To be more concrete, this article will show you an experiment with three completely different datasets (two public and one private used by one of our clients) that should help to answer these questions. There are some data concessions used to make the experiment more demonstrative and therefore the results are confirming the used data cleaning, preprocessing, parameters, etc., clearly, we could reach better (or even different) results in a different setup. Also, some variables were completely missing in chosen public datasets so they were created on purpose (for example session ids).
As mentioned previously, it is always important to select the most appropriate model/algorithm/approach based on your data or client’s business use case. Each has its specific needs.
In this experiment we are going to challenge each other with the following session-based models whose theory was described in detail in the previous article:
*Word2Vec model wasn´t a part of the mentioned article, but it also can be a very good competitor on the field of session-based algorithms. If you would like to know more about it, I would recommend for example this article with basic usage.
As an example, here we are focusing on three completely different datasets:
In this experiment we work only with one interaction type and that is the item view. In general, the most important interaction would be the purchase of an item (considering e-shops) describing the real customer´s intent. But this is irrelevant for the third dataset (so we would be unable to compare them, have rules from models, etc.). Secondly, there are usually not enough of such kinds of interactions from which session-based models could learn. Of course, there are a few other options (e.g. use more event types with various weights), however, this is not the aim of this article.
Below, you can find a 14-day timeframe of interactions collection demonstrating the difference in counts of each interaction type. Results were calculated using the first dataset.

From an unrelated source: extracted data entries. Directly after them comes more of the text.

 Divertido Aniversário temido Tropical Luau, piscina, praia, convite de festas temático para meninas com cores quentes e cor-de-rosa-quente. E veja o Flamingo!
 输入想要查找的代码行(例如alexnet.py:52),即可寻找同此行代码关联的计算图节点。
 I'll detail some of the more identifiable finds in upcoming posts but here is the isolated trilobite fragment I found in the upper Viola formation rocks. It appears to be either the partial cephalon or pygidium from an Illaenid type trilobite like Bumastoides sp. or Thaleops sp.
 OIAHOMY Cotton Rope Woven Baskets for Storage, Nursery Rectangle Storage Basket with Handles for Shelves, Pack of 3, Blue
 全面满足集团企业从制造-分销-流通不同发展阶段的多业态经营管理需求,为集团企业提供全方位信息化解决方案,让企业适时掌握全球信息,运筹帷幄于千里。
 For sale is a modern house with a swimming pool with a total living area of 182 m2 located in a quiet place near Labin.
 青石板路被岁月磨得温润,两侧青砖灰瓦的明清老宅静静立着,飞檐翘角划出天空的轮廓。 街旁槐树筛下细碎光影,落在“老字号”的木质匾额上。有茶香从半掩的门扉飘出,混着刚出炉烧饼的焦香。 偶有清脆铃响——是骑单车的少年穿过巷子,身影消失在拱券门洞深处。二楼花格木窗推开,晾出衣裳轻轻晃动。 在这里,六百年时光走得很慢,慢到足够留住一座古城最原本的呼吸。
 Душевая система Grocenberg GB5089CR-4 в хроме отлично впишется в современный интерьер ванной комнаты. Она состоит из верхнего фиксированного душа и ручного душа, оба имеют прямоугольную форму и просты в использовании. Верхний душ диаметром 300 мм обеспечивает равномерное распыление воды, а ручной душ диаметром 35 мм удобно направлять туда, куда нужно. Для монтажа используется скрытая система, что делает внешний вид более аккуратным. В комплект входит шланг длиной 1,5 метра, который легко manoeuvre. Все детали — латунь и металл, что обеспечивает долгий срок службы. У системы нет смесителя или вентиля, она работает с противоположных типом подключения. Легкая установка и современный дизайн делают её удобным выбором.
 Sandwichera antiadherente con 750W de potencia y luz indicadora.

Event counts during time period
Comparison of chosen three datasets based on their basic web statistics. Simple average was used for every per* statistic.
All three datasets seem to have enough interactions (in this case item view) on the web so should be a good source for our experiment. And yoochoose dataset would probably be the best source of data for any session-based model because of the highest number of items per session together with the highest number of interactions per session. Notice also the ratio of items and users — evidentially for yoochoose there are twice more items than users. This can be tricky for any collaborative recommendation algorithms because of many so-called long-tail items — many items with no interaction so any model cannot know how to behave to these (see later section for more info).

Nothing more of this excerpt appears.